= Activity =
Only the lines of the data below from the one with "Der starke Durchgangsverkehr" through the one with "Sílvia Garcez da" are wanted. Repeat them exactly.

Excerpted data Block Start

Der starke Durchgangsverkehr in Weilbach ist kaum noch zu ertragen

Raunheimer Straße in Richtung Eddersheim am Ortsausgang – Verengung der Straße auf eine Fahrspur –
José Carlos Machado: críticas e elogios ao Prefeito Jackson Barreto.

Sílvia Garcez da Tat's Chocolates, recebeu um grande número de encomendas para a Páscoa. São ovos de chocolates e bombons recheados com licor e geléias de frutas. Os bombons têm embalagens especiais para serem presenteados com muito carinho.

Excerpted data Block End
Excerpted data Block Start

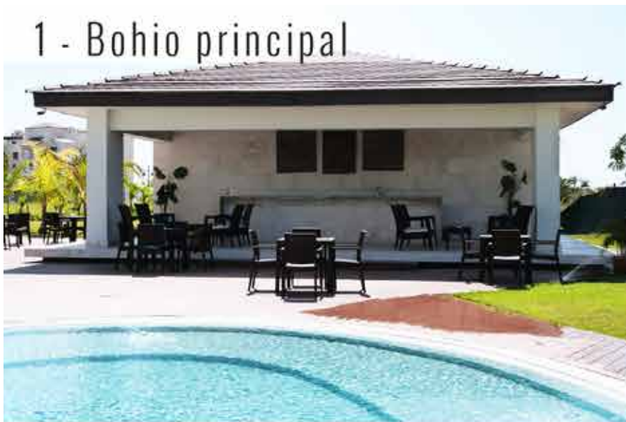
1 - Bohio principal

Excerpted data Block End

= Result of this task =
Der starke Durchgangsverkehr in Weilbach ist kaum noch zu ertragen

Raunheimer Straße in Richtung Eddersheim am Ortsausgang – Verengung der Straße auf eine Fahrspur –
José Carlos Machado: críticas e elogios ao Prefeito Jackson Barreto.

Sílvia Garcez da Tat's Chocolates, recebeu um grande número de encomendas para a Páscoa. São ovos de chocolates e bombons recheados com licor e geléias de frutas. Os bombons têm embalagens especiais para serem presenteados com muito carinho.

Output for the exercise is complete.